There’s still no McCarrick Report. In case, gentle reader, you are just a little late to the party: the McCarrick Report refers to the Vatican’s promised internal review of documents on file regarding the career of the US Church’s most notorious paedophile and pervert: Theodore Edgar “Uncle Ted” McCarrick, previously Cardinal-Archbishop of Washington, DC. Uncle Ted was for decades a kingmaker within the US hierarchy, before his spectacular fall from grace in the summer of 2018.
The high-profile and habitually controversial attorney, Jeff Anderson, isn’t waiting for the Report. He filed a lawsuit last month, in which he accuses Uncle Ted of leading a “sex ring” out of his beach house – one of them, anyway – on the Atlantic coast in the US state of New Jersey.
The lawsuit claims that Uncle Ted groomed, manipulated and coerced his client – identified only as Doe 14 – into participating in McCarrick’s alleged sex ring along with others, when the plaintiff was a teenager. The suit claims McCarrick “orchestrated and directed the abuse,” which involved three other alleged clerical culprits.

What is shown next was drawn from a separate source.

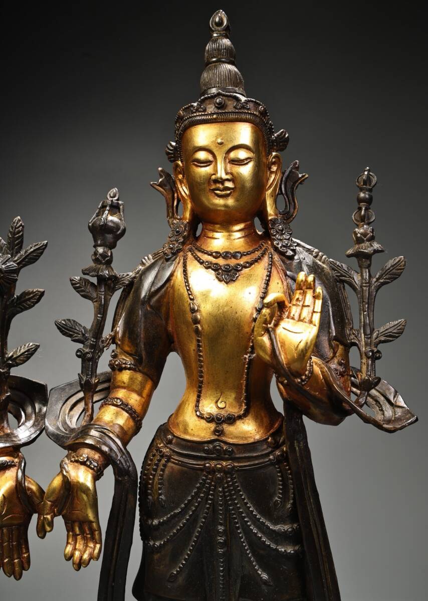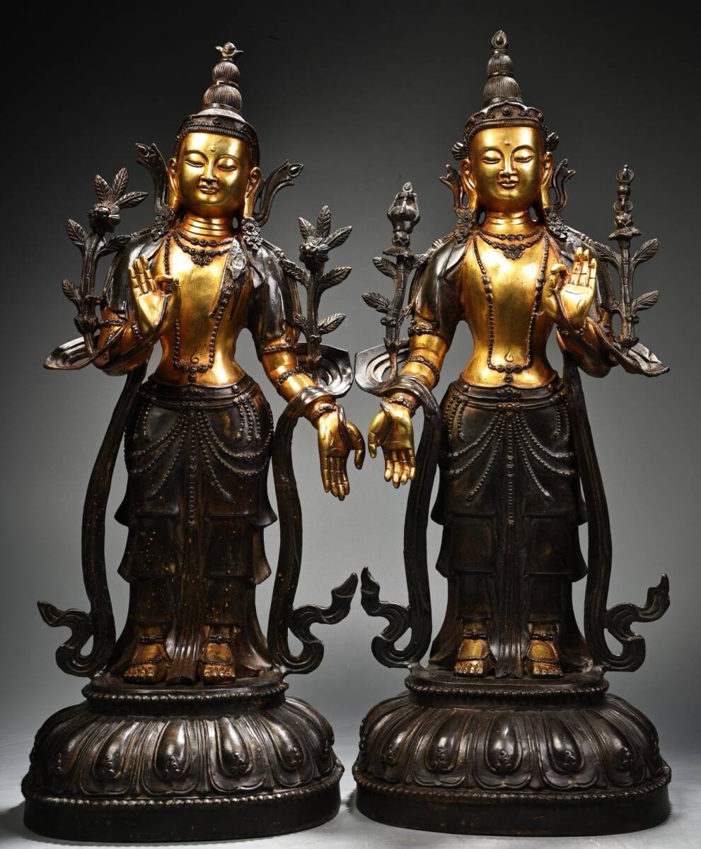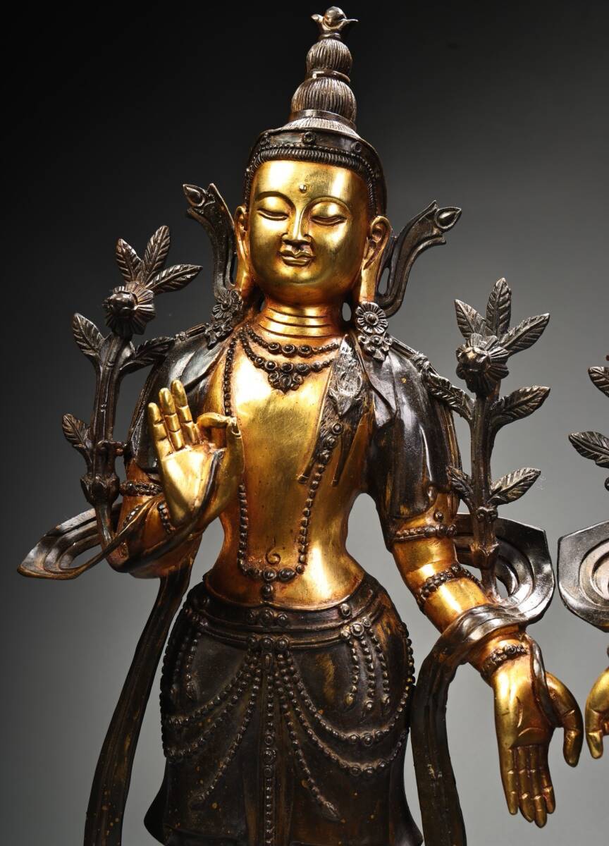 唐物 明 永樂年製 純銅 全銅 高レリーフ鏨刻 塗金蔵伝度母 仏像 奉納されていた 供養品 銅製 古美術品 時代物 中国古玩 骨董品 D68

McCarrick’s attorney had no comment for reporters or news agencies, but his client has denied at least the worst of the charges he’s faced in the past. “I’m not as bad as they paint me,” McCarrick told Ruth Graham, who interviewed him for Slate magazine last year, when McCarrick was living in a Kansas friary. “I do not believe that I did the things that they accused me of,” he also said.

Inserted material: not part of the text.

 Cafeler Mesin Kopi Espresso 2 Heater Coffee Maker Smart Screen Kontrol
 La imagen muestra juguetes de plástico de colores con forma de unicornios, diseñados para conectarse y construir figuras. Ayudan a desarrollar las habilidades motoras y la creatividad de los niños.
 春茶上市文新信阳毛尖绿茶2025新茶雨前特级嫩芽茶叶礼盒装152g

Anderson’s latest lawsuit alleges not only that McCarrick abused a boy personally, but that he also enabled the boy’s abuse by several other priests.
One of the more salacious elements of Anderson’s suit is his rehearsal of claims made by the summer of 2018’s celebrity whistleblower cleric, Archbishop Carlo Maria Viganò, whose original J’Accuse contained at least some allegations pertinent to the common weal of the Church and – in principle at least – verifiable.
Several of them have panned out, like the restrictions under which Pope Benedict XVI apparently placed McCarrick in or around 2008, which were known to several Churchmen – some of them very senior, including McCarrick’s successor in Washington DC, Cardinal Donald Wuerl – but never meaningfully enforced.
Cardinal Marc Ouellet for all practical purposes admitted to the presence of a so-called “lavender mafia” in the Vatican, when he responded to Viganò’s second letter in October 2018.
Archbishop Viganò’s subsequent interventions have drifted into the realm of tinfoil hat conspiracy theory (making him particularly attractive to US President Donald Trump).
Whatever one thinks of Archbishop Viganò, it is difficult to argue with what another plaintiff’s attorney on the case, Mike Finnegan, said when presenting the latest lawsuit: “It’s time today for the top officials, the bishops and the Pope to come clean about what all of them knew about Cardinal McCarrick.”